Parlamento aprova afastamento de operadores de transportes da gestão de terminais rodoviários
Proposta foi aprovada com os votos favoráveis do PS, IL, Livre, PAN e JPP, abstenção do PSD, Chega, CDS-PP e BE e a oposição do PCP.
O parlamento aprovou esta sexta-feira na generalidade um projeto de lei da IL para impedir que as empresas gestoras de terminais rodoviários possam estar associadas a operadoras de transportes públicos.
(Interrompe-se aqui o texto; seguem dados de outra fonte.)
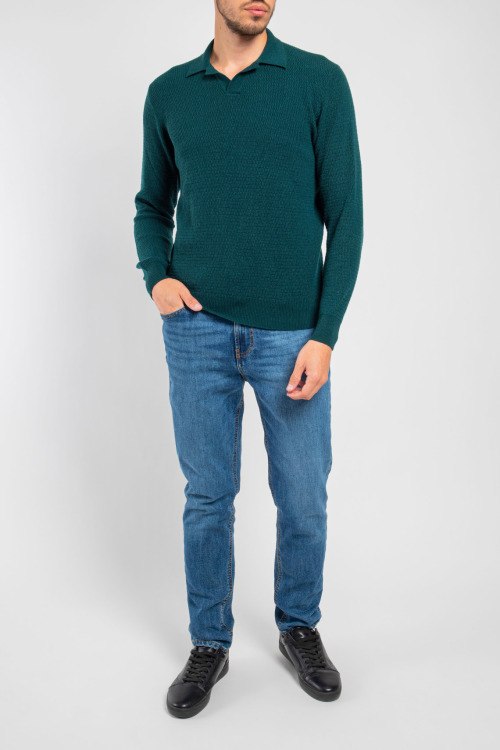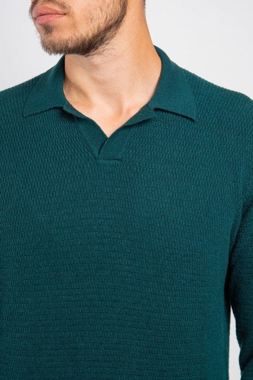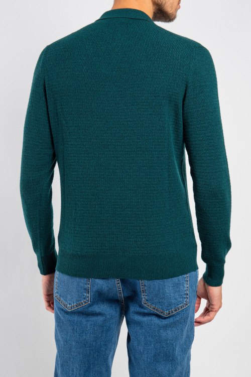 Детали: Мужской темно-зеленый джемпер-поло из кашемира от Piacenza Cashmere (Пьяченца Кашемир). Классическая длина, отложной воротник, V-образный вырез горловины, длинные рукава, трикотажная резинка на манжетах и по низу изделия. Модель с парфюмированной пропиткой

A proposta foi aprovada com os votos favoráveis de PS, IL, Livre, PAN e JPP, abstenção de PSD, Chega, CDS-PP e BE e a oposição do PCP, e desce agora para discussão na especialidade, na comissão de Infraestruturas, Mobilidade e Habitação
No projeto de lei, a bancada liberal diz querer pôr um fim a um "claro conflito de interesses" que surge quando os "operadores de terminais são eles mesmos prestadores de serviços expresso" e impedem o acesso a empresas concorrentes.
A iniciativa foi anunciada a 10 de março, no mesmo dia em que o Tribunal Administrativo do Círculo de Lisboa deu razão à FlixBus no processo que intentou contra Rede Nacional de Expressos (RNE), determinando "a concessão imediata de acesso ao Terminal Rodoviário de Sete Rios".
A Iniciativa Liberal quer que os operadores de terminais rodoviários passem a ter de tomar uma decisão relativamente a um pedido de acesso às suas instalações num prazo máximo de 15 dias, em vez dos atuais 30, e pretende proibir qualquer "relação de grupo" entre os operadores das interfaces e os operadores dos serviços de transporte público de passageiros".
O partido pretende que, nos casos em que operadores de serviços públicos e proprietários dos terminais sejam da mesma empresa, o contrato de concessão seja adjudicado através de um concurso que assegure "condições equitativas, não discriminatórias e transparentes, aberto aos operadores de interface ou de terminal interessados".
A bancada liberal propõe ainda que seja conferida à Autoridade da Concorrência (AdC) a "responsabilidade sancionatória sobre as matérias que afetam a concorrência na gestão dos terminais rodoviários de expressos".
Na exposição de motivos que acompanha o diploma, o partido diz que a "lei atual permite que empresas de serviços expresso tenham a possibilidade de negar acesso a instalações públicas a seus concorrentes" e considera evidente que, num mercado concorrencial, a decisão de "aprovação ou rejeição da utilização dos terminais rodoviários e interfaces por parte de novas empresas não deve ser uma competência de quem tem interesses económicos na ocupação desse mesmo terminal".
A Flixbus avançou com a ação em novembro, pedindo "a concessão imediata de acesso da requerente ao Terminal de Sete Rios (em Lisboa), em condições de igualdade e não discriminação face aos demais operadores".
O tribunal deliberou "a concessão imediata de acesso ao Terminal Rodoviário de Sete Rios, limitada à capacidade (efetivamente) disponível no terminal".
Para isso, determinou que a RNE deve "indicar a disponibilidade de cais e estacionamento, especificando a quantidade (efetivamente) disponível vs ocupada", avaliar "cada horário solicitado pela FlixBus, indicando claramente quais horários podem ser acomodados e quais não podem, com justificativa objetiva" e "atribuir horários concretos de paragem de acordo com a capacidade (efetivamente) disponível, podendo recorrer a deferimento parcial, sem recusa global injustificada".
A Rede Expressos alegou que o tribunal não determina a entrada automática da concorrente na infraestrutura.